--- Required work ---
The copy you return should hold every record below word for word and no images.
┌────────
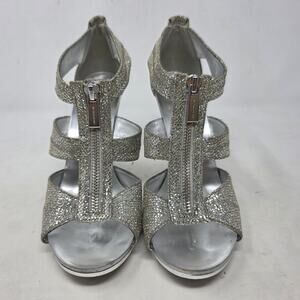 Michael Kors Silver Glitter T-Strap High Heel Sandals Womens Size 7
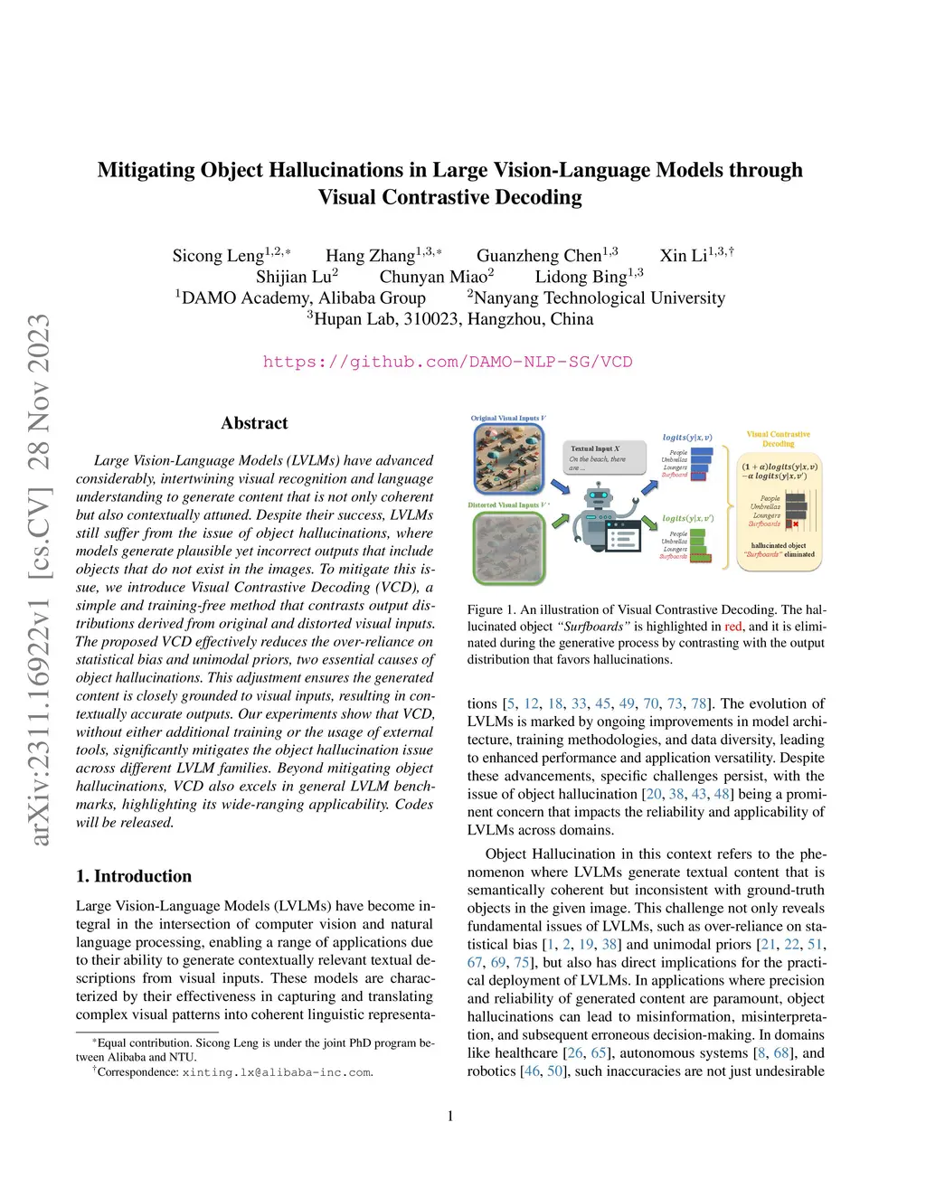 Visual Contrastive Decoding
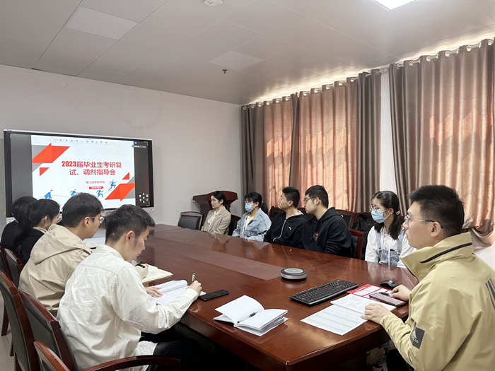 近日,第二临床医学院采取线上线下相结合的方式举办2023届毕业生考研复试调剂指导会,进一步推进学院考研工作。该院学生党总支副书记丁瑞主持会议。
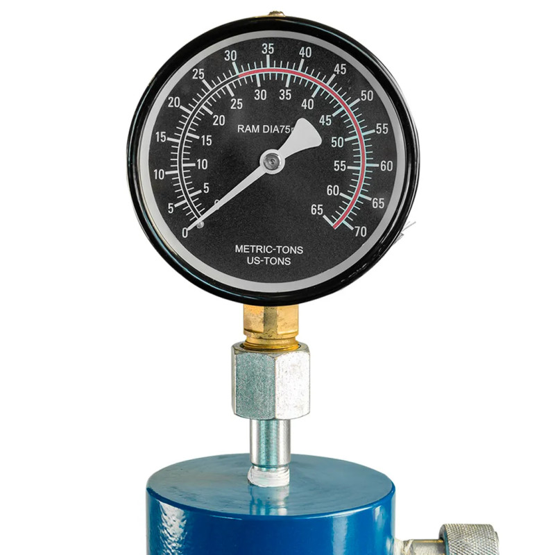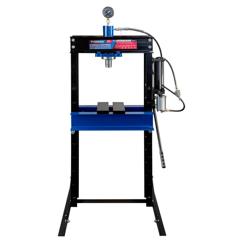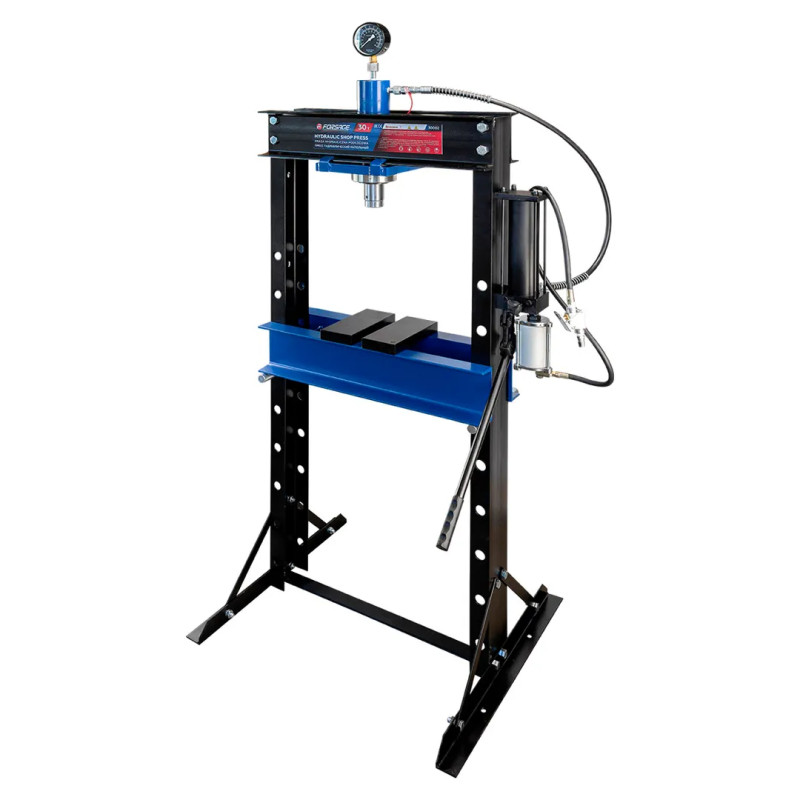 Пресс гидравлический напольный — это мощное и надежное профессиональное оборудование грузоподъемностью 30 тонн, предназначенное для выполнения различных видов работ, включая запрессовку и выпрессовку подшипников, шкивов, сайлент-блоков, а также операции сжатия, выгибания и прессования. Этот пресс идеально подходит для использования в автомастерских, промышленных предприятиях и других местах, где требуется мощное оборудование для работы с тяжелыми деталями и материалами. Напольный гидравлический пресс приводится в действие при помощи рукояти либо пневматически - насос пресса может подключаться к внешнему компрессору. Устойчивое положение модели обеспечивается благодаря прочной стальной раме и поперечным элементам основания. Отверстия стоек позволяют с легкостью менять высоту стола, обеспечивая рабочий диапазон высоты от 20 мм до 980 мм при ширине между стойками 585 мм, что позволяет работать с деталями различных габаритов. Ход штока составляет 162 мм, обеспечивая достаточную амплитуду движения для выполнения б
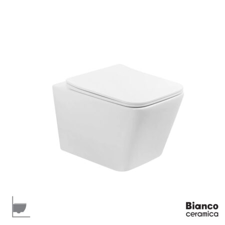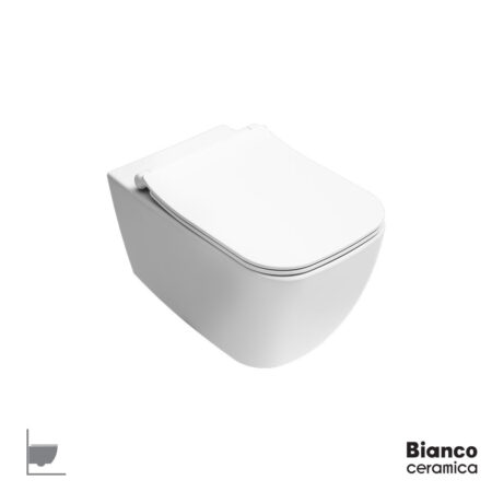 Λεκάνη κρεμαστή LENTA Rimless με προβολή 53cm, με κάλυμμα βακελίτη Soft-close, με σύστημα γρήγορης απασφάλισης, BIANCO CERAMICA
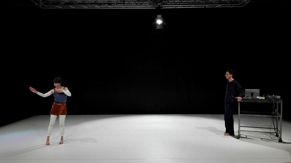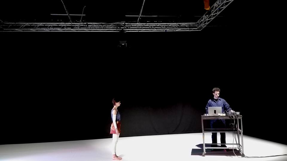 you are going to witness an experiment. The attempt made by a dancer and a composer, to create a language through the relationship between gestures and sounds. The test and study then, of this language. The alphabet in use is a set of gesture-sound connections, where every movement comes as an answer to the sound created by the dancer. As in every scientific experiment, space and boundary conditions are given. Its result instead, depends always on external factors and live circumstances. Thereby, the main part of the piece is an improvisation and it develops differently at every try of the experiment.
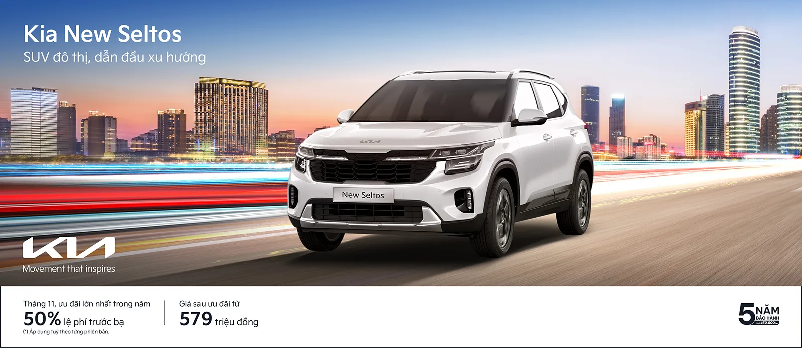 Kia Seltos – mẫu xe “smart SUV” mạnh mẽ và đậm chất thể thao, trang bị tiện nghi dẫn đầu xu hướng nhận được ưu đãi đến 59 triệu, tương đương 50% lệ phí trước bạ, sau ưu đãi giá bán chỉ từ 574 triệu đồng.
└────────
--- Problem solution ---
 Michael Kors Silver Glitter T-Strap High Heel Sandals Womens Size 7
 Visual Contrastive Decoding
 近日,第二临床医学院采取线上线下相结合的方式举办2023届毕业生考研复试调剂指导会,进一步推进学院考研工作。该院学生党总支副书记丁瑞主持会议。
 Пресс гидравлический напольный — это мощное и надежное профессиональное оборудование грузоподъемностью 30 тонн, предназначенное для выполнения различных видов работ, включая запрессовку и выпрессовку подшипников, шкивов, сайлент-блоков, а также операции сжатия, выгибания и прессования. Этот пресс идеально подходит для использования в автомастерских, промышленных предприятиях и других местах, где требуется мощное оборудование для работы с тяжелыми деталями и материалами. Напольный гидравлический пресс приводится в действие при помощи рукояти либо пневматически - насос пресса может подключаться к внешнему компрессору. Устойчивое положение модели обеспечивается благодаря прочной стальной раме и поперечным элементам основания. Отверстия стоек позволяют с легкостью менять высоту стола, обеспечивая рабочий диапазон высоты от 20 мм до 980 мм при ширине между стойками 585 мм, что позволяет работать с деталями различных габаритов. Ход штока составляет 162 мм, обеспечивая достаточную амплитуду движения для выполнения б
 Λεκάνη κρεμαστή LENTA Rimless με προβολή 53cm, με κάλυμμα βακελίτη Soft-close, με σύστημα γρήγορης απασφάλισης, BIANCO CERAMICA
 you are going to witness an experiment. The attempt made by a dancer and a composer, to create a language through the relationship between gestures and sounds. The test and study then, of this language. The alphabet in use is a set of gesture-sound connections, where every movement comes as an answer to the sound created by the dancer. As in every scientific experiment, space and boundary conditions are given. Its result instead, depends always on external factors and live circumstances. Thereby, the main part of the piece is an improvisation and it develops differently at every try of the experiment.
 Kia Seltos – mẫu xe “smart SUV” mạnh mẽ và đậm chất thể thao, trang bị tiện nghi dẫn đầu xu hướng nhận được ưu đãi đến 59 triệu, tương đương 50% lệ phí trước bạ, sau ưu đãi giá bán chỉ từ 574 triệu đồng.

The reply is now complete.